[java] Use of java thread pool ThreadPoolExecutor

When parsing data in Kafka, due to the large amount of data, multi-thread processing can be enabled in Java. The ThreadPoolExecutor used here can be used directly.

Table of Contents

1. What is the role of the thread pool?

2. Benefits of using thread pool

3. Thread pool implementation principle

1. Thread pool processing process

?edit

2. Schematic diagram of ThreadPoolExecutor executing the execute() method

2. Usage steps

1. Import the library

2. Create a thread pool

3. Introduction to ThreadPoolExecutor function

4. Submit tasks to the thread pool

5. Close the thread pool

6. Properly configure the thread pool

Summarize

code

Preface

How to quickly use the thread pool for processing in Java? Directly use the third-party interface ThreadPoolExecutor

1. What is the function of the thread pool?

The main job of the thread pool is to control the number of running threads, put tasks into the queue during processing, and then start these tasks after the threads are created. If the number of threads exceeds If the maximum number is reached, then threads that exceed the number will queue up and wait for other threads to finish executing before taking the tasks out of the queue for execution.

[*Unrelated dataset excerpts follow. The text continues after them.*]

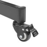 De stevige metalen standard heeft wieltjes met remsysteem voor het verplaatsen van de standaard naar de gewenste plaats.
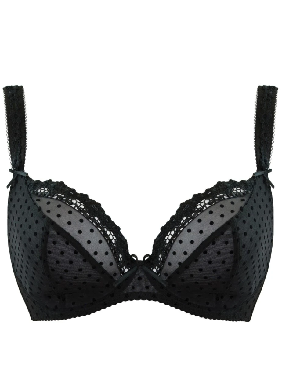 Der schwarze Bügel-BH „Princess Plunge“ mit Beflockung im Tupfenmuster sorgt für optimalen Halt. Die verspielte Spitze am Cup-Rand und das Schleifchen am verzierten Trägeransatz geben dem klassischen „Schwarzen“ einen verführerischen Look. Hinten mit 3-Haken Verschluss, verstellbare elastische Träger. Tipp: Die Cups sind etwas kleiner als Sie es von anderen BH’s gewohnt sind. Wenn Sie zwischen zwei Cup-Größen stehen, wählen Sie bitte stets die größere.
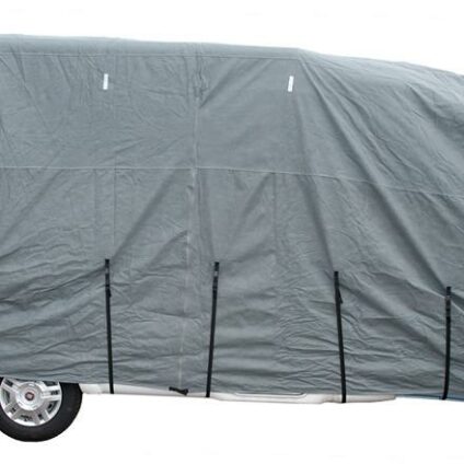 Schutzhülle für Reisemobile. Breitere und höhere Ausführung. Atmungsaktives TNT Gewebe. UV stabil, wasserabweisend und waschbar. Länge: 500-550 cm Breite: 240 cm Höhe: 270 cm Material: TNT – 4 Lagen Lieferung in komfortabler Packtasche
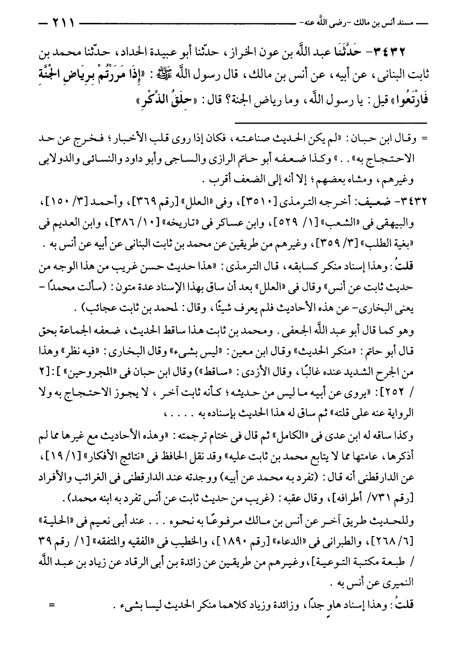 ٣٤٣٢ - حَدَّثَنَا عبد الله بن عون الخراز، حدّثنا أبو عبيدة الحداد، حدّثنا محمد بن ثابت البنانى، عن أبيه، عن أنس بن مالك، قال رسول الله - صلى الله عليه وسلم -: "إذَا مَرَرْتُمْ بِرِيَاضِ الجَنَّةِ فَارْتَعُوا" قيل: يا رسول الله، وما رياض الجنة؟ قال: "حِلَق الذِّكْرِ"
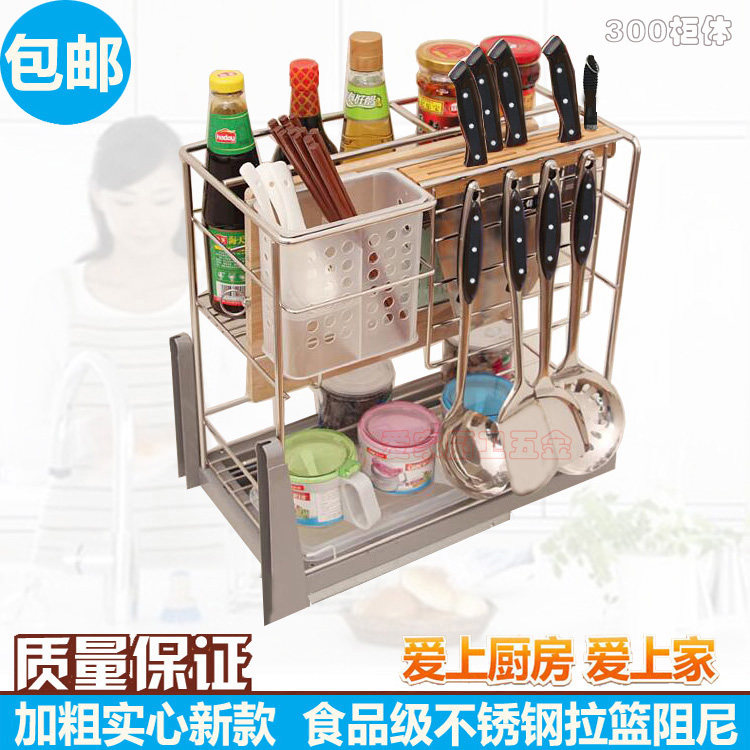Seasoning Pull Basket Kitchen Overall Cupboard Food Grade Stainless Steel Kitchen?The seasoning basket seasoning blue of the car drawer-type shelve

2. Benefits of using thread pool

  1. Reduce resource consumption. Reduce the consumption caused by thread creation and destruction by reusing created threads;
  2. Improve responsiveness. When a task arrives, the task can be executed immediately without waiting for the thread to be created;
  3. Improve thread manageability. Threads are scarce resources. If they are created without limit, they will not only consume system resources, but also reduce the stability of the system. Thread pools can be used for unified allocation, tuning and monitoring.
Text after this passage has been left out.